**Your assignment**
Copy, word for word, the lines below from the one containing "Inspired by the" up to and including the one containing "זוג אוברולים קצרים", with pictures left out.
***** Data in this exercise
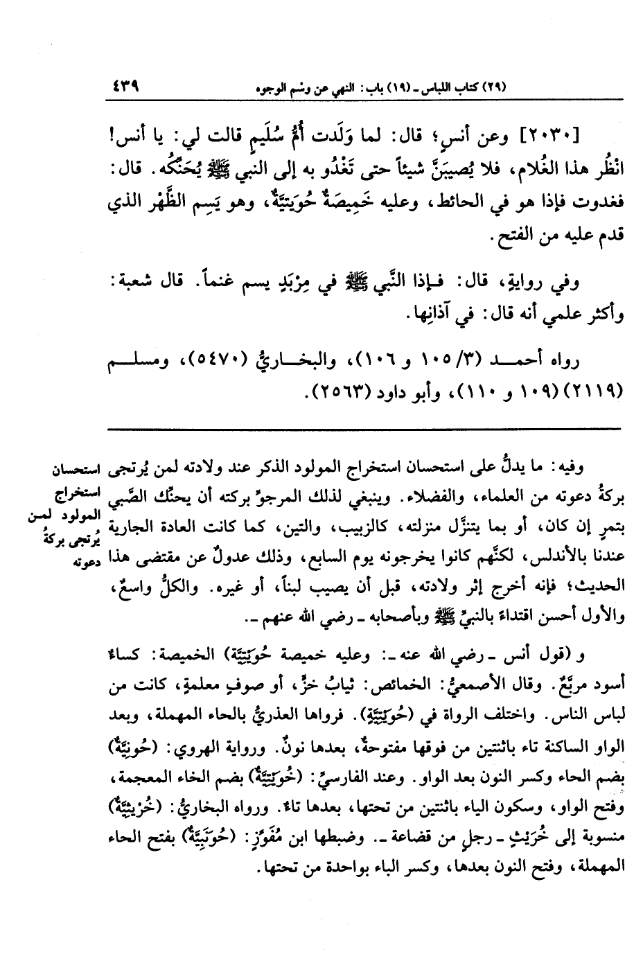 [2030] وعن أَنَسٍ قَالَ: لَمَّا وَلَدَت أُمُّ سُلَيمٍ قَالَت لِي: يَا أَنَسُ، انظُر هَذَا الغُلَامَ، فَلَا يُصِيبَنَّ شَيئًا حَتَّى تَغدُوَ بِهِ إِلَى النَّبِيِّ صَلَّى اللَّهُ عَلَيهِ وَسَلَّمَ يُحَنِّكُهُ. قَالَ: فَغَدَوتُ، فَإِذَا هُوَ فِي الحَائِطِ وَعَلَيهِ خَمِيصَةٌ حُوَيتِيَّةٌ، وَهُوَ يَسِمُ الظَّهرَ الَّذِي قَدِمَ عَلَيهِ من الفَتحِ.
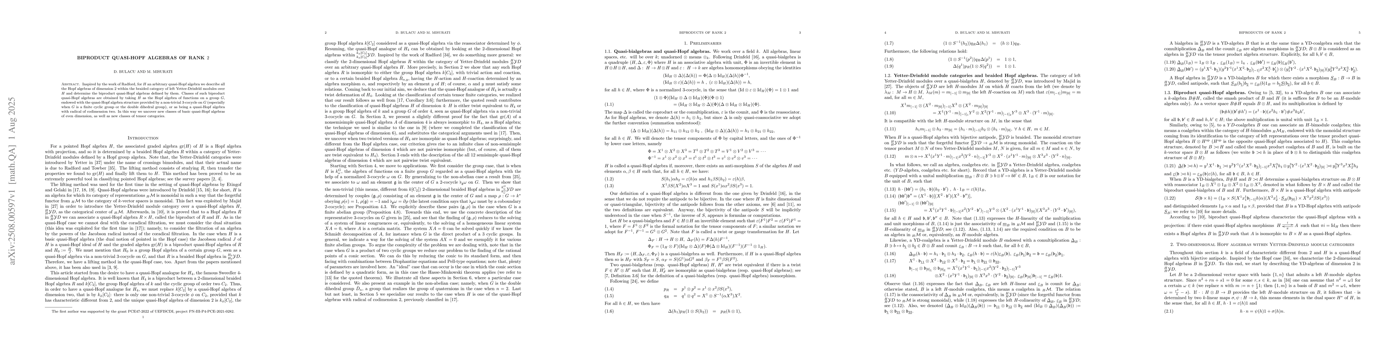 Inspired by the work of Radford, for $H$ an arbitrary quasi-Hopf algebra we describe all the Hopf algebras of dimension $2$ within the braided category of left Yetter-Drinfeld modules over $H$ and determine the biproduct quasi-Hopf algebras defined by them. Classes of such biproduct quasi-Hopf algebras are obtained by taking $H$ as the Hopf algebra of functions on a group $G$, endowed with the quasi-Hopf algebra structure provided by a non-trivial $3$-cocycle on $G$ (especially when $G$ is a finite cyclic group or the double dihedral group), or as being a quasi-Hopf algebra with radical of codimension two. In this way we uncover new classes of basic quasi-Hopf algebras of even dimension, as well as new classes of tensor categories.
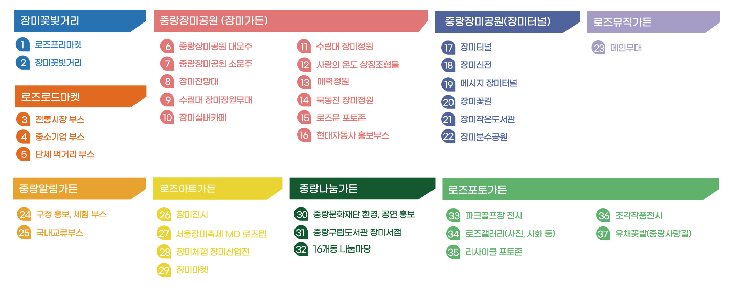 - 장미전시, 장미체험, 장미산업전, 로즈템부스, 장미마켓, 중랑마눔마당, 중랑구 체험홍보, 국내교류관, 장미꽃빛거리프리마켓, 먹거리 등
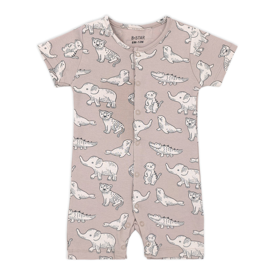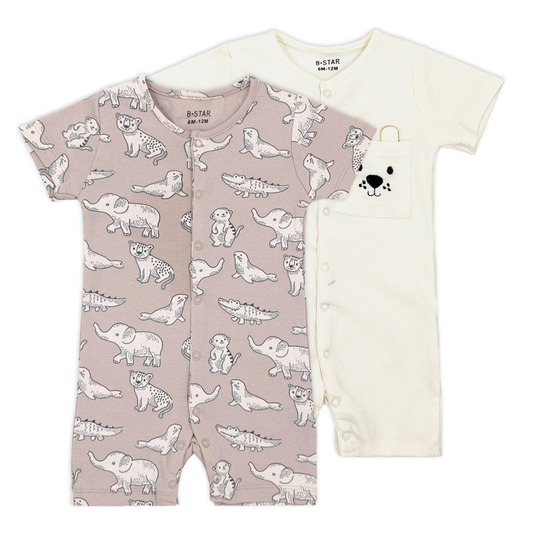זוג אוברולים קצרים לתינוק עם סגירת לחצנים והדפסים
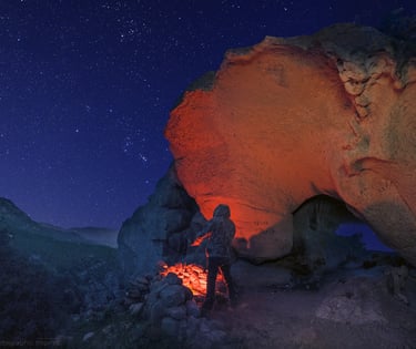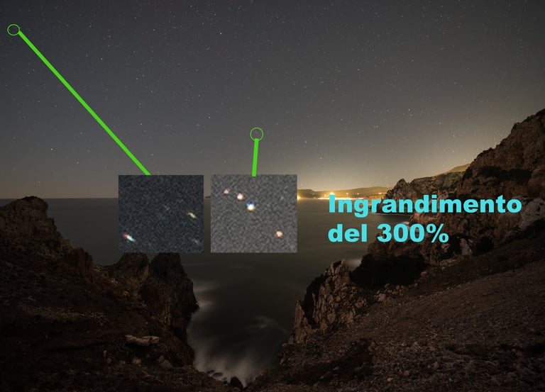 Quando andiamo a scattare una fotografia di paesaggio come questa, solitamente cerchiamo un compromesso fra le parti da mettere a fuoco, altrimenti dovremo necessariamente dedicare due scatti per avere tutto perfettamente a fuoco. In questo caso, dunque, ho cercato di scattare in "iperfocale" (per quanto ad ƒ/4 sia abbastanza arduo parlare di questo...) posizionando il fuoco tra 2 e 5 mt nella scala dell'obiettivo (considerando sia che non ho parti molto vicine al punto di presa che m'interessa abbiano un dettaglio perfetto, sia che il mio interesse è quello di avere i fondamentali delle colline a fuoco). Da quel che si può vedere, nel suo insieme le stelle sono abbastanza omogenee considerando lo scatto nella sua interezza ma, se andiamo a zoomare, notiamo che ci sono delle disparità tra centro e bordo lente (anche se dobbiamo impegnarci un pò, come puoi leggere è un ingrandimento del 300%). Questo quindi ci porta a giudicare la lente "non ottimale per fotografia notturna" anche se comunque buona in resa generale. é giusto? A mio avviso no: di notte non possiamo ottenere tutto perfetto con un solo scatto, neanche con ottiche dedicate, specialmente se decidiamo di lavorare più sul suolo che sul cielo!
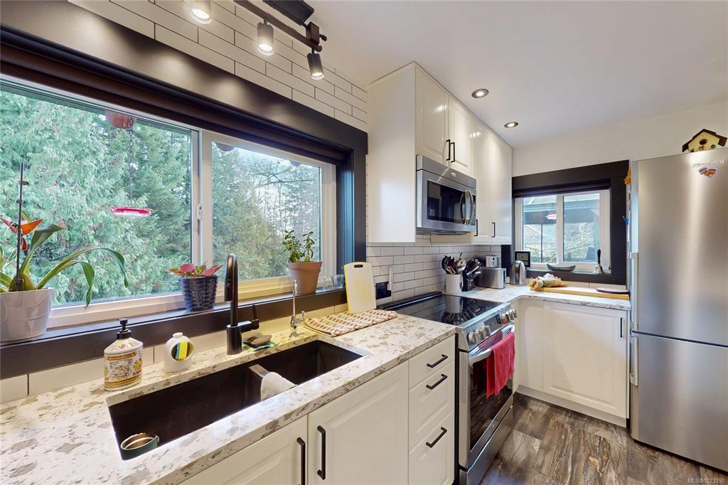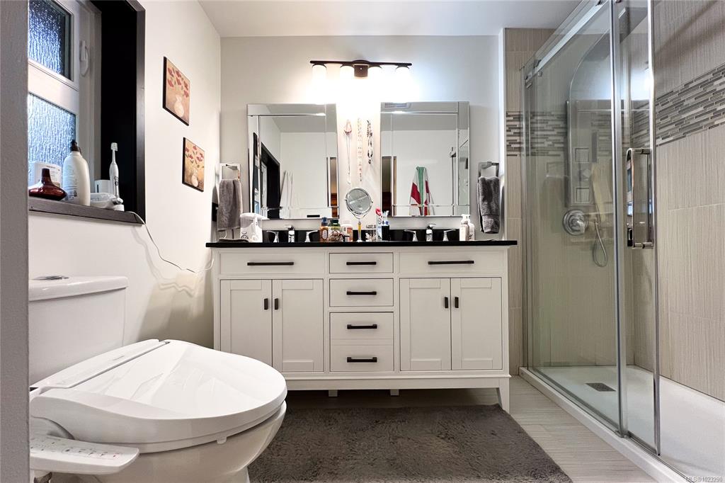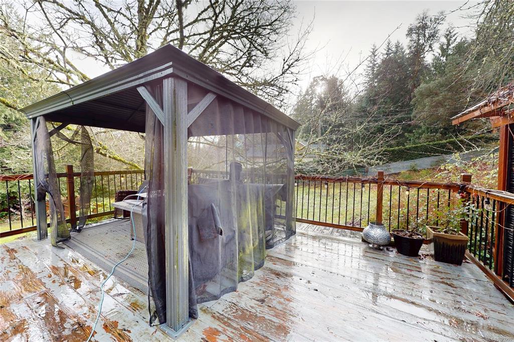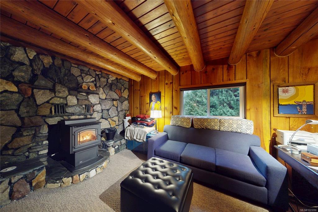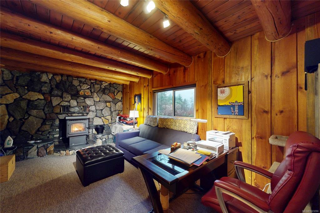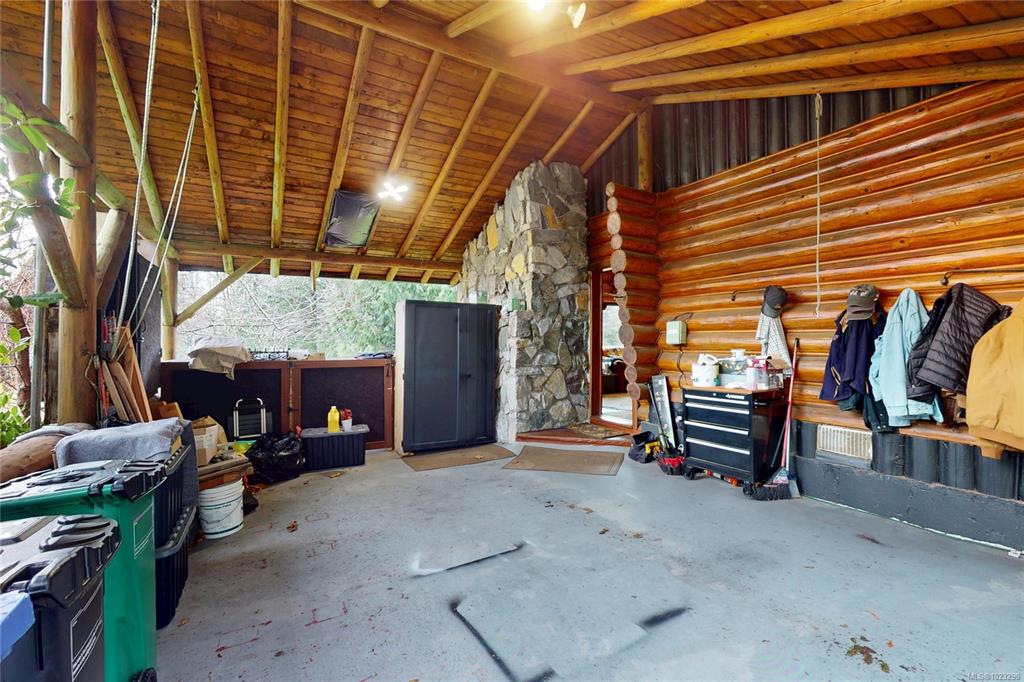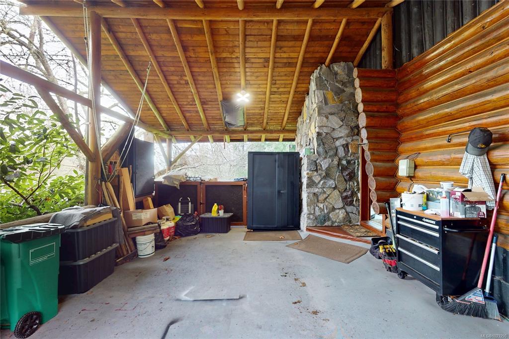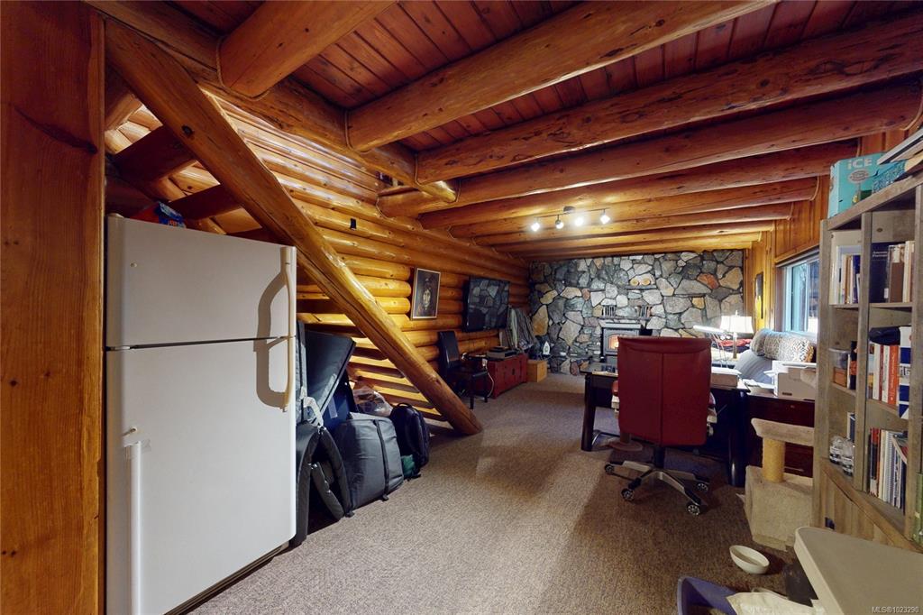 Discover the charm of this rustic log home in South Mill Bay,nestled on a tranquil half-acre lot at the end of a quiet no-thru road—just 17 minutes from Langford.This inviting 3 bedroom rancher features the warmth of wood throughout and a full walkout lower level.The living and dining area exudes cozy ambience with a wood-burning fireplace and new French doors opening to a spacious deck overlooking a fenced backyard.Recent upgrades include a new kitchen with heated floors,a new ensuite and refreshed 2nd bat...
**********
**Solution below**
 Inspired by the work of Radford, for $H$ an arbitrary quasi-Hopf algebra we describe all the Hopf algebras of dimension $2$ within the braided category of left Yetter-Drinfeld modules over $H$ and determine the biproduct quasi-Hopf algebras defined by them. Classes of such biproduct quasi-Hopf algebras are obtained by taking $H$ as the Hopf algebra of functions on a group $G$, endowed with the quasi-Hopf algebra structure provided by a non-trivial $3$-cocycle on $G$ (especially when $G$ is a finite cyclic group or the double dihedral group), or as being a quasi-Hopf algebra with radical of codimension two. In this way we uncover new classes of basic quasi-Hopf algebras of even dimension, as well as new classes of tensor categories.
 - 장미전시, 장미체험, 장미산업전, 로즈템부스, 장미마켓, 중랑마눔마당, 중랑구 체험홍보, 국내교류관, 장미꽃빛거리프리마켓, 먹거리 등
זוג אוברולים קצרים לתינוק עם סגירת לחצנים והדפסים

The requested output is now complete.